Mortgage activity rises despite negative forecast

As the housing market continues to move into its peak season for activity, mortgage activity increased during the week ending June 1.

As the housing market continues to move into its peak season for activity, mortgage activity increased during the week ending June 1.

Purchase and refinance requests rose 1.3 percent from the previous week, according to a report from the Mortgage Bankers Association. It's believed that low rates were responsible for the uptick in activity. However, it was noted that the overall increase was spurred by refinancing, as the purchase composite of the report edged lower. 

Rates reach new all-time lows

During the week, the rate for a 30-year FRM with a conforming loan balance of $417,500 or less dipped to 3.87 percent from a previous all-time low of 3.91 percent. In addition, the rate for a 30-year FRM jumbo loan fell to 4.13 percent from 4.23 percent a week earlier.

Meanwhile, the decline in mortgage rates also led to a rise in refinancing activity, as borrowers capitalized on their affordability to restructure their home loans into more favorable terms. Mortgage records indicated that the share of refinance requests accounted 78 percent of all activity. This is a slight increase from a week earlier, when the share was at 77 percent. 
 
Mortgage activity could slow in the near future

However, some critics believe that the slight decline in purchase requests could be an indicator that recent negative developments in the economy are weighing on housing activity. 

"The small fall in mortgage applications for home purchase suggests that, despite record low mortgage rates, the renewed weakness in the labor market is starting to weigh on housing demand," said Capital Economics property economist Paul Diggle.

Meanwhile, given the recent drop in consumer confidence, mortgage application activity could decline even further in the coming months, Diggle added.

Americans less confident in the economy in May

Consumer Confidence fell to an index of 64.9 in May from 69.7 a month earlier, according to a recent report from the Conference Board.
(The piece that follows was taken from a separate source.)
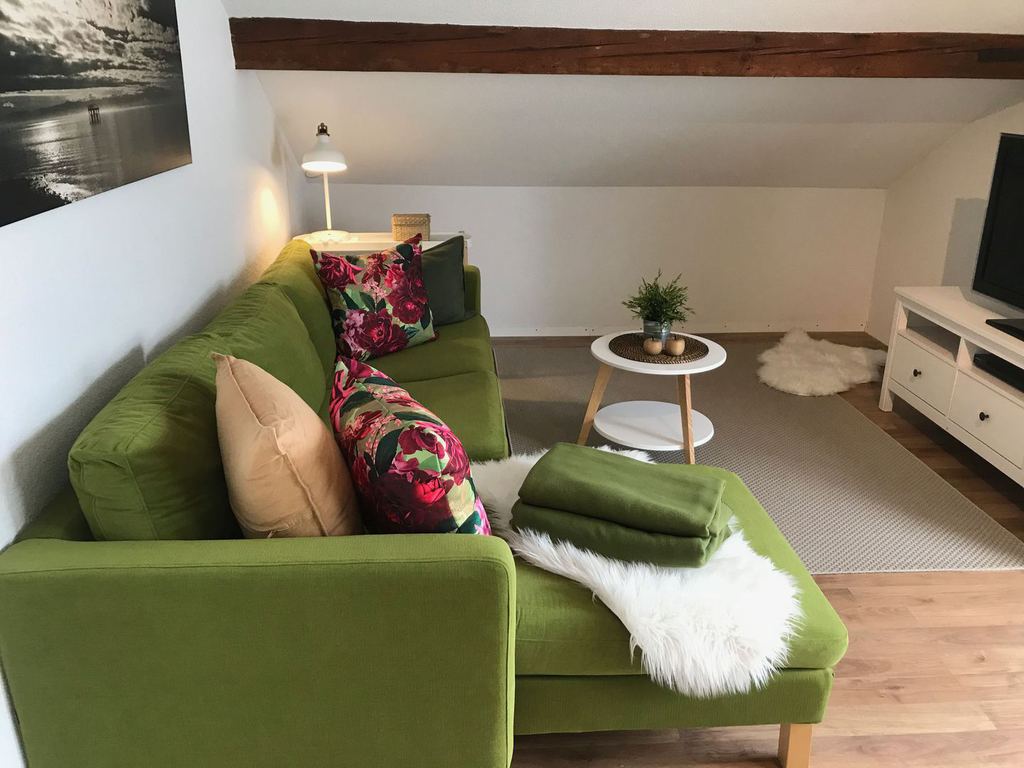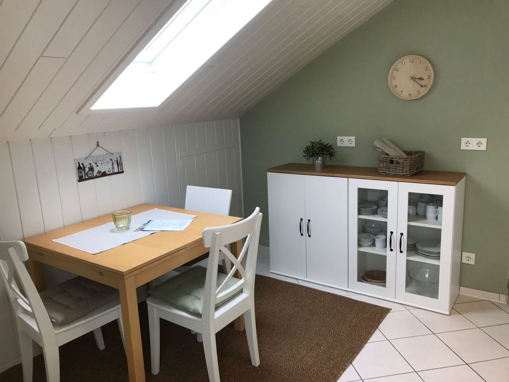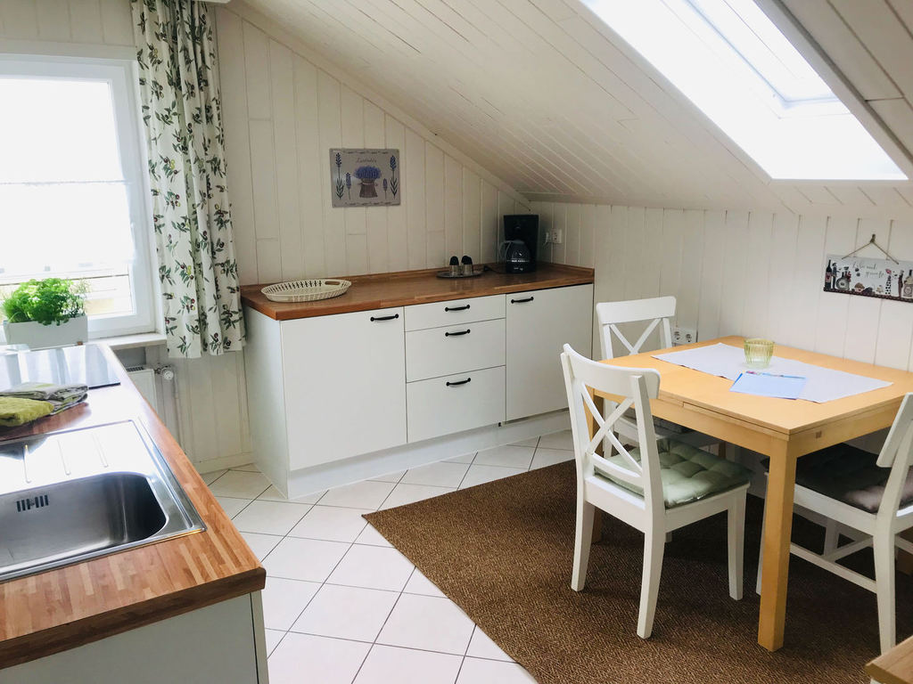 Die sehr gut ausgestattete und geräumige Wohn-Küche hat einen Essplatz bis 4 Personen. Sie ist ausgestattet mit Spülmaschine, Ceranfeld, Backofen, Kaffeemaschine, Wasserkocher und Toaster.
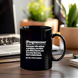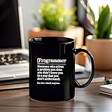 Definition Programmer Meaning - Computer Science & Coding Mugs are Double-Sided Printed: Our designs are printed on both sides using advanced, high-quality technology to ensure exceptional durability and resistance to peeling or fading. Ceramic Mug: This high-quality ceramic mug is designed for easy maintenance, with gentle handwashing recommended to preserve its durability. Perfect for both hot and cold drinks, it’s an excellent addition to any drinkware collection. Great for Gifting: Whether for yourself or a loved one, this mug makes an ideal gift for coffee enthusiasts. It adds a delightful touch to any home or office, making it perfect for occasions like holidays, Christmas, birthdays, or Valentine's Day. It’s an excellent present for friends, colleagues, bosses, or family members. Available in Two Convenient Sizes: Choose from 11 oz and 15 oz options, both featuring a sleek glossy black finish that enhances the elegance of any kitchen or office setting. These mugs are designed for convenience and efficiency, perfect for enjoying your morning coffee or a midday refreshment. Our Quality Promise: Shop with confidence by placing your order today. If you have any questions, concerns, or suggestions about product quality, customer service, or our operations, feel free to reach out. We value your feedback and appreciate your support. Thank you!

This outcome was unexpected, as analysts from the company anticipated the score to increase to 70. This month-over-month decrease was the biggest drop recorded since October, when the index plummeted 6 points.

"Consumers were less positive about current business and labor market conditions, and they were more pessimistic about the short-term outlook," said Conference Board director of economic indicators Lynn Franco.

Specifically, factors such as falling home values, weak stock market and global economic fears were all believed to be weighing heavily on the positive sentiment of consumers.